Everything Mary said was true, of course. I opened the door of the booth.

I said, “I'm happy here.”

“And that's what your father and I want, too, but it's not all we want. You know your pawpaw has heard some disturbing rumors about that friend of yours.”

“I don't think most people know much about him.”

“He wasn't abandoned like some Moses, floating down the river or whatever he says. His mother put him up for adoption. She used to waitress at the Koffee Klub. Now, your mother doesn't like to cast aspersions on someone's character, but apparently she had a reputation for being friendly with her regular customers. And that hokum about his father, well, I think it's just a sad story concocted by a nobody wanting to be a somebody. I know you can understand that.”

“He's still a friend of mine.”

“Well, the police want to speak with your friend. Remember the car that got smashed into the floodwall? It was hot-wired! Can you believe that?”
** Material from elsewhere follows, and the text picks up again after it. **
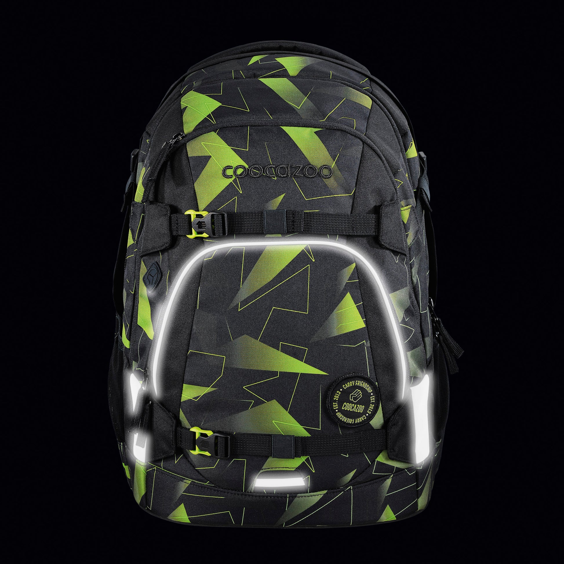 MATE - der Allrounder. Geeignet ist der Rucksack ab der 5. Klasse. Mehrere Fächer ermöglichen es, alle Schulutensilien geordnet und griffbereit zu verstauen: zwei Hauptfächer mit einem Bücherfach, ein Organizerfach, eine Fronttasche und zwei Netz-Außentaschen. Durch das Easy-Grow-System lässt er sich problemlos auf die aktuelle Rückenlänge einstellen (Körpergröße von 135 - 180 cm). Ein einfacher Drehmechanismus, mit entsprechender Skala, ermöglicht die Höhenverstellung der Schulterträger (während das Kind den Rucksack trägt). Durch die Riemen auf Schulterhöhe und die Kompressionsriemen an den Seiten lässt sich das Gewicht nah am Rücken verteilen. Um eine optimale Stabilisierung und Entlastung der Schultergelenke zu gewährleisten, verfügt der Ranzen über einen höhen- und längenverstellbaren Brustgurt. Durch diese Funktion wird das Gewicht gleichmäßig verteilt und die Schultern entlastet. Darüber hinaus sorgt die Pull-Forward Funktion des breiten Hüftgurtes dafür, dass das Gewicht des Ranzens auf das stabile Becken deines Kindes gelagert wird. Das atmungsaktive und gepolsterte Rückenteil ermöglicht eine gute Luftzirkulation. Durch den standfesten sowie gepolsterten Rucksackboden, bekommt der Rucksack einen festen Stand. Reflektierende Flächen sorgen für mehr Sichtbarkeit auf dem Schulweg. Für noch mehr Sicherheit am Schulweg kann ein zusätzliches LED-Stecklicht an der Schultasche befestigen werden. Die Herstellung erfolgt PVC-frei, sowie aus 34 recycelten PET-Flaschen (0,5 l). Wasserabweisend, Polyester mit 100% PFC-freier und bluesign-zertifizierter Beschichtung.

“And they think Shiloh did that?”

“The detective told your father that if he found out where Shiloh was, to let them know because they already had a judge's order to pick him up.”

I told her that Shiloh had been blamed for lots of things he had nothing to do with.

“I just pray you look out for yourself.”

She started saying something else, but got cut off. I put in the rest of my change.

I told her the situation with the phone. That the next time we got separated would be it.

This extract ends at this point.